The sight of Petty’s Rickenbacker guitar on the front cover also entranced Hillman. However, it was with another instrument – the pedal steel guitar – where he would really make his mark.

Over the last decade, Hillman has established himself as one of the UK’s leading Americana session musicians. Image credit: Joseph Branston. © Musicians' Union.

Country Cadence

Over the last decade, Hillman has established himself as one of the UK’s leading Americana session musicians, recording and touring with artists such as Billy Bragg, Ethan Johns, Yola, Laura Marling and Robert Vincent. As the global live music industry opens back up, his star is firmly in the ascendant.
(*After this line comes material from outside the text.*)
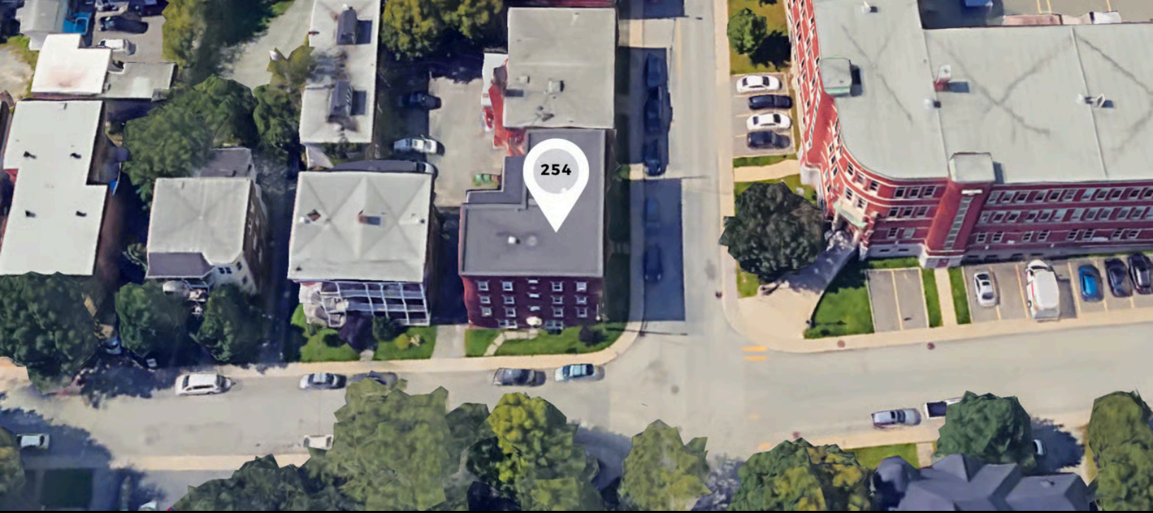
254 Ball, Mont-Bellevue

Chris Hillman grew up in Stoke-on-Trent, where his father worked in the Potteries industry. It was his dad’s interest in bands such as the Eagles and Poco that in turn sparked young Chris’s passion for 60s and 70s country bands, and the pedal steel guitar. “I always loved the sound,” he recalls. “I always knew of the sound from when I was young.”

He started playing guitar at the age of nine and by his teens, he was shaping up into a guitarist of real note. He undertook a BTEC course in Music at the University of Salford and started playing with numerous rock bands. He says:

“I started listening to heavier music for a while, but then discovered Jenny Lewis and her band while in college. They had a lap steel player in the band and after seeing them live in Manchester, I decided I wanted to make the leap from six-string guitar to steel guitar.”

When his 21st birthday came around, Hillman decided on a pedal steel guitar as a present: “I was listening to a lot of Daniel Lanois at the time. It was so interesting hearing the ambient nature of it and it also had that kind of country tone to it.”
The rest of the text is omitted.